Broker Server Architecture

The BrokerServer class is the main entry point for a Kafka broker running in KRaft mode. It orchestrates all major subsystems during startup and manages the broker's lifecycle. Key responsibilities include:

Initialization: Creates and wires together all broker components (socket server, replica manager, log manager, coordinators)
State Management: Tracks broker state (NOT_RUNNING, STARTING, STARTED) via BrokerLifecycleManager
Shutdown Coordination: Gracefully shuts down all subsystems in reverse order

class BrokerServer(val sharedServer: SharedServer) extends KafkaBroker {
  @volatile var lifecycleManager: BrokerLifecycleManager = _
  @volatile var socketServer: SocketServer = _
  @volatile var dataPlaneRequestProcessor: KafkaApis = _
  var logManager: LogManager = _
  private[this] var _replicaManager: ReplicaManager = _
}

Network Layer: SocketServer

The SocketServer handles all network I/O and client connections. It uses a multi-threaded, non-blocking I/O model with three main components:

Acceptor Threads: One per listener endpoint, accepts new TCP connections and distributes them to processor threads
Processor Threads: Handle socket I/O using Java NIO selectors, read requests and write responses
Handler Threads: Process requests and generate responses (managed by KafkaRequestHandlerPool)

class SocketServer(
  val config: KafkaConfig,
  val metrics: Metrics,
  val credentialProvider: CredentialProvider,
  val apiVersionManager: ApiVersionManager
) extends Logging with BrokerReconfigurable {
  private[network] val dataPlaneAcceptors = 
    new ConcurrentHashMap[Endpoint, DataPlaneAcceptor]()
}

The request flow: Acceptor > Processor (NIO) > RequestChannel > Handler > KafkaApis > Response.

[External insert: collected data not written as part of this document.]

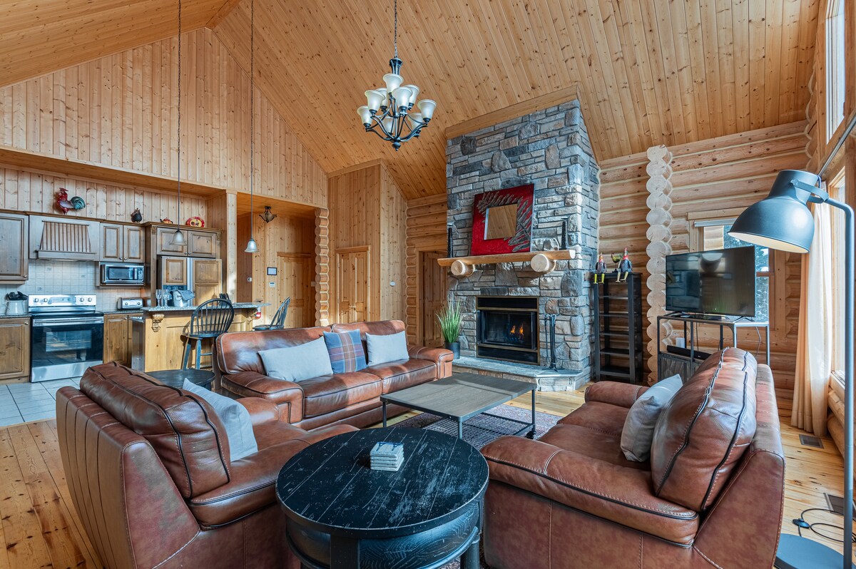 FIDDLER LAKE RESORT – DEER 41 With an outdoor above ground pool, Deer 41 guarantees a serene stay! This 4-bedroom log home can accommodate groups of up to 8 people. Deer 41 is a two-storey chalet with floor to ceiling windows, a cathedral ceiling and plenty of natural light. On the main level, there is a fully equipped kitchen, a dining area, a living room with a wood-burning stone fireplace and a bathroom. On the same floor, you'll find a master bedroom with a king bed and an en suite bathroom and a second bedroom with a queen size bed. On the lower level, there is a large living room with a wood-burning stone fireplace, a bar and pool table. There are also two additional bedrooms, each with a king bed and a bathroom. In the backyard, there is an above ground pool available from mid-June to mid-September, a private hot tub, a firepit with Adirondack chairs and a picnic table. This chalet has a covered terrace with patio furniture and a BBQ available year-round. Other amenities include a washer and dryer, satellite TV, Wi-Fi and an electric vehicle charging station. Property features: • 4 bedrooms - Bedroom 1: King bed - Bedroom 2: Queen bed - Bedroom 3: King bed - Bedroom 4: King bed • 3 bathrooms • 2 wood burning stone fireplaces • An above ground pool (available mid-June to mid-September) • A hot tub • A pool table • 2770 square feet • 8 guests maximum • * no sauna* CITQ Registration number 234721, expires: 2026-01-31
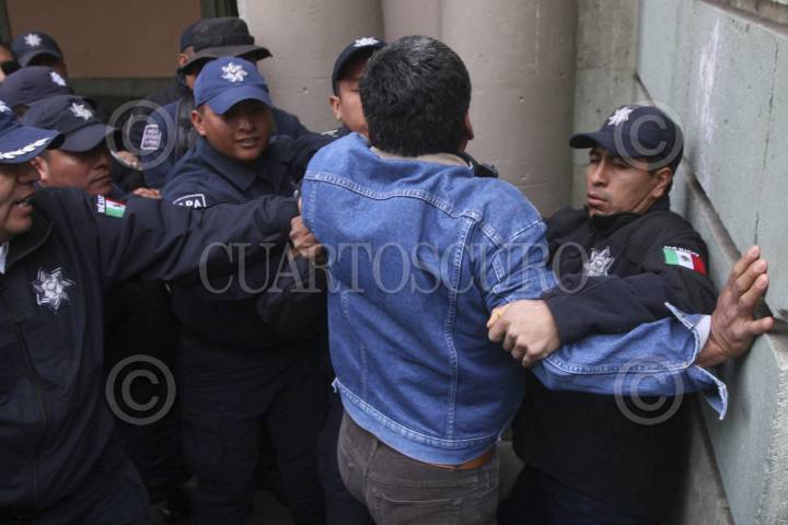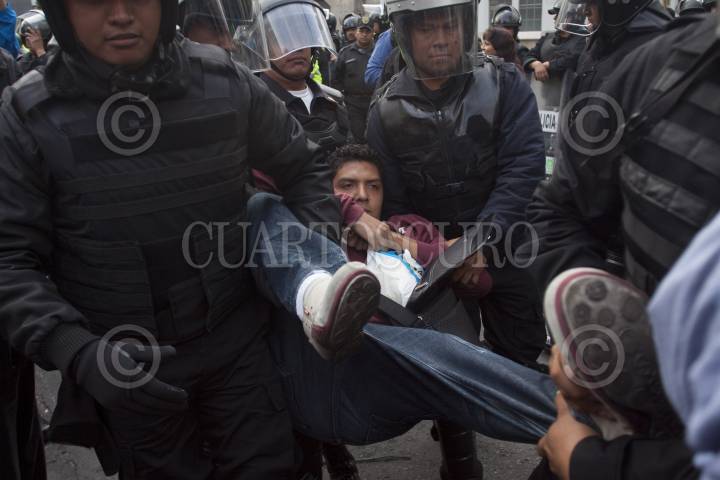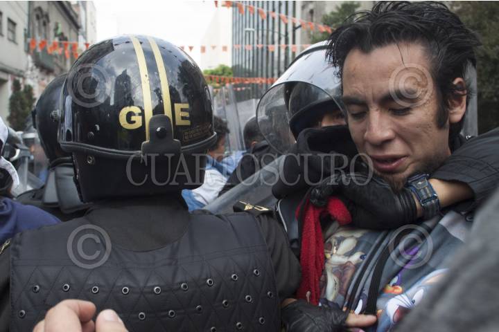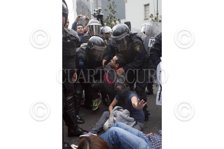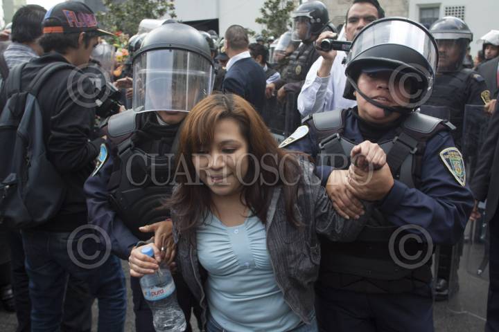 MÉXICO, D.F., 09OCTUBRE2012.- Opositores a la Reforma Laboral se manifestaron desde temprano afuera de las instalaciones del Senado, los manifestantes tratan de impedir el paso de los senadores y trabajadores a la sede senatorial, granaderos de la Secretaría de Seguridad Pública del DF han replegado y encapsulado a los protestantes. FOTO: MOISÉS PABLO /CUARTOSCURO.COM
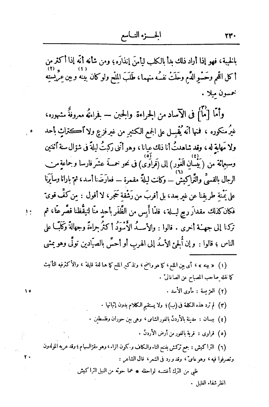غير منكوره، فمنها أنّه يقبل على الجمع الكثير من غير فزع ولا اكتراث بأحد ولا مهابة له، وقد شاهدت أنا ذلك عيانا، وهو أنّنى ركبت ليلة فى شوّال سنة اثنتين وسبعمائة من (بيسان «4» الغور) إلى (قراوى «5» ) فى نحو خمسة عشر فارسا وجماعة من الرجال بالقسىّ والتّراكيش «6» - وكانت ليلة مقمرة- فعارضنا أسد، ثمّ بارانا وسايرنا على يمنة طريقنا عن غير بعد، بل أقرب من رشقة حجر، لا أقول: من كفّ قوىّ فكان كذلك مقدار ربع ليلة، فلمّا أيس من الظّفر بأحد منّا لتيقّظنا قصّر عنّا، ثم تركنا إلى جهة أخرى. قالوا: والأسد الأسود أكثر جراءة وجهالة وكلبا على الناس؛ قالوا: وإن ألجئ الأسد إلى الهرب أو أحسّ بالصيّادين تولّى وهو يمشى
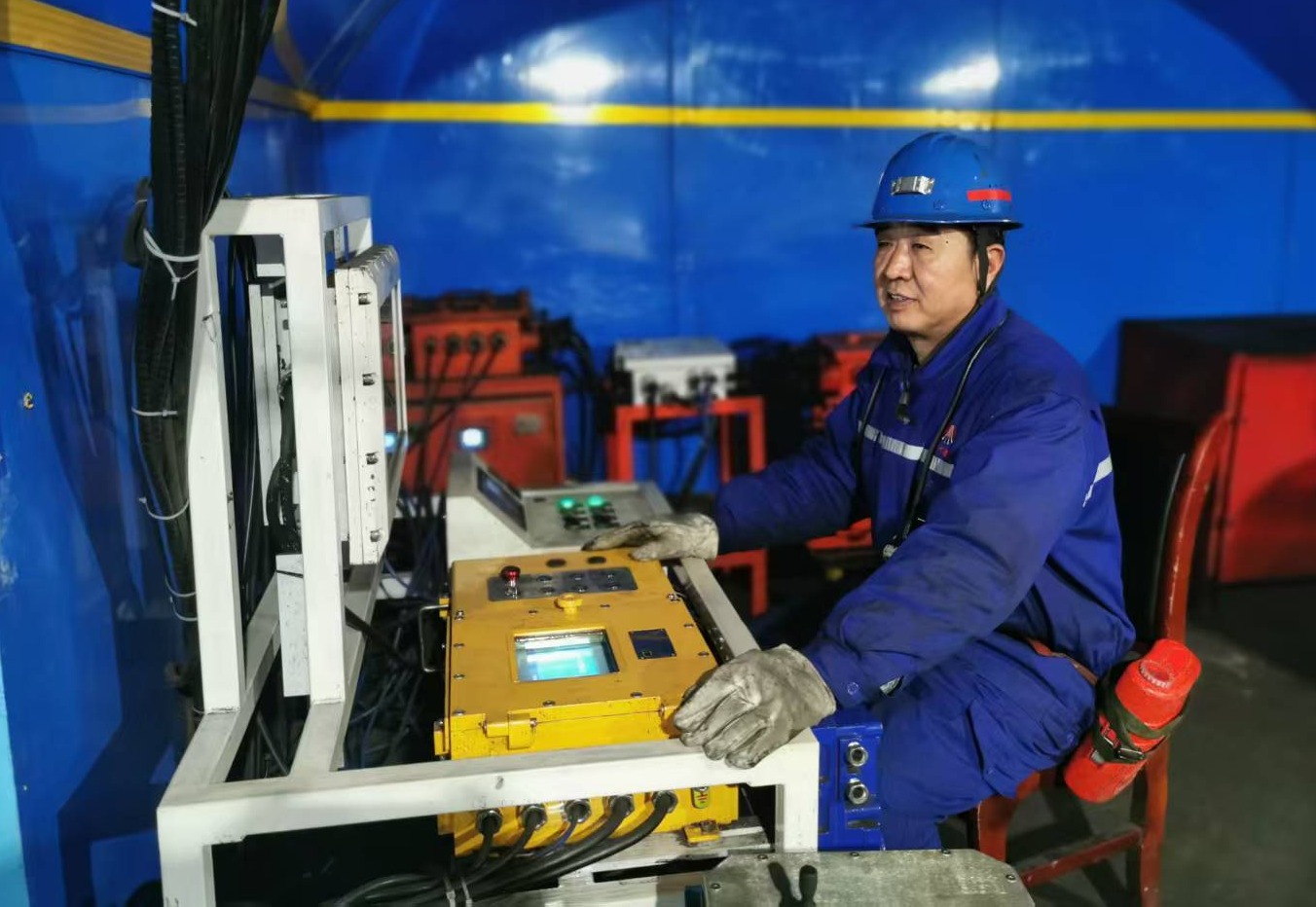 為了持續(xù)改善職工作業(yè)環(huán)境,有效提升放煤作業(yè)效率,該礦結(jié)合井下實際與需求,對集中煤倉放煤系統(tǒng)進行升級改造,積極選配安全性能高、適配度強的集中煤倉遠距離操控系統(tǒng),加裝顯示屏、操控臺和液壓系統(tǒng)籌設(shè)備,通過液壓傳動與智能控制技術(shù)相結(jié)合,實現(xiàn)了放煤量精準調(diào)節(jié)、作業(yè)流程自動啟停,將以往近距離的傳統(tǒng)手動放煤升級為遠程操控運行模式,不僅有效改善了職工的作業(yè)環(huán)境、降低了職工的勞動強度,而且大幅提升了工作效率,為礦井安全生產(chǎn)注入了“科技動能”。
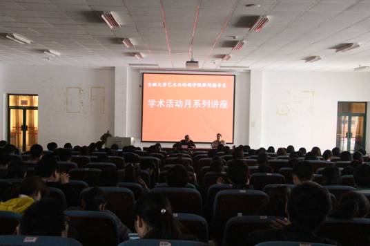 新闻播音系学术活动月系列活动于4月15日拉开帷幕,我系副主任包鹏程教授做《视觉时代与视觉文化》专题讲座,系主任吴孔铎教授主持会议,系全体老师与200多名学生聆听了这次讲座。
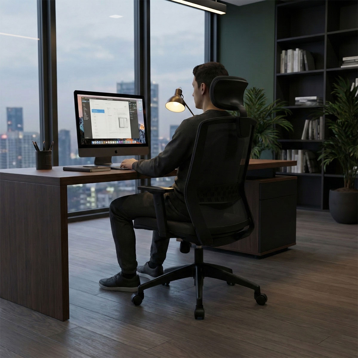 Dans cette version, le Scott est un siège de bureau ergonomique avec têtière. L’appui-tête est tapissé en noir et réglable en hauteur. L’assise d’une densité de 30 kg/m3 est disponible dans un tissu noir, gris ou bleu. Le fauteuil est équipé d’un mécanisme synchrone blocable 4 points, de plus, avec un renfort lombaire réglable en hauteur, le fauteuil peut être utilisé 8 heures par jour en télétravail ou en entreprise. Avec des accoudoirs 2D réglables en hauteur avec manchette réglable en profondeur le fauteuil s’adapte parfaitement à la position de vos coudes.

Request Processing: KafkaApis

KafkaApis is the central request dispatcher that routes all client requests to appropriate handlers. It multiplexes requests based on API key (PRODUCE, FETCH, METADATA, etc.) and coordinates with replica manager, coordinators, and metadata cache.

Storage Layer: ReplicaManager & UnifiedLog

The ReplicaManager manages all partition replicas on a broker. It handles:

Replica State: Tracks leader/follower status, in-sync replicas (ISR), and replica lag
Append Operations: Coordinates writes from producers across partitions
Fetch Operations: Serves reads to consumers with isolation level support
Replication: Manages follower fetch requests and replica synchronization

Each partition's data is stored in a UnifiedLog, which presents a unified view of local and tiered (remote) log segments. The active segment is always local; tiered segments are optional and appear at the log's beginning.

public class UnifiedLog {
  // Unified view of tiered and local segments
  // Active segment always local
  // Optional tiered segments at beginning
}

Metadata Management: QuorumController

The QuorumController runs on controller nodes and maintains cluster-wide metadata using Raft consensus. It manages:

Topic/Partition Metadata: Topic creation, deletion, partition assignment
Broker Registration: Broker heartbeats, fencing, deregistration
Configuration: Dynamic broker and topic configurations
ACLs & Delegation Tokens: Security and authentication state
Producer IDs: Idempotent producer tracking

Brokers subscribe to metadata changes via MetadataPublisher and maintain a local cache (KRaftMetadataCache) for fast lookups.

Data Flow Diagram

Loading diagram...

Startup Sequence

During broker startup, components initialize in this order:

SharedServer: Initializes KRaft manager and shared resources
SocketServer: Starts acceptor threads and opens listener ports
LogManager: Loads existing logs from disk
ReplicaManager: Initializes partition replicas and ISR expiration
Coordinators: Group, transaction, and share coordinators start
KafkaApis: Request processor becomes active
BrokerLifecycleManager: Registers broker with controller

This ordering ensures all dependencies are ready before accepting client requests.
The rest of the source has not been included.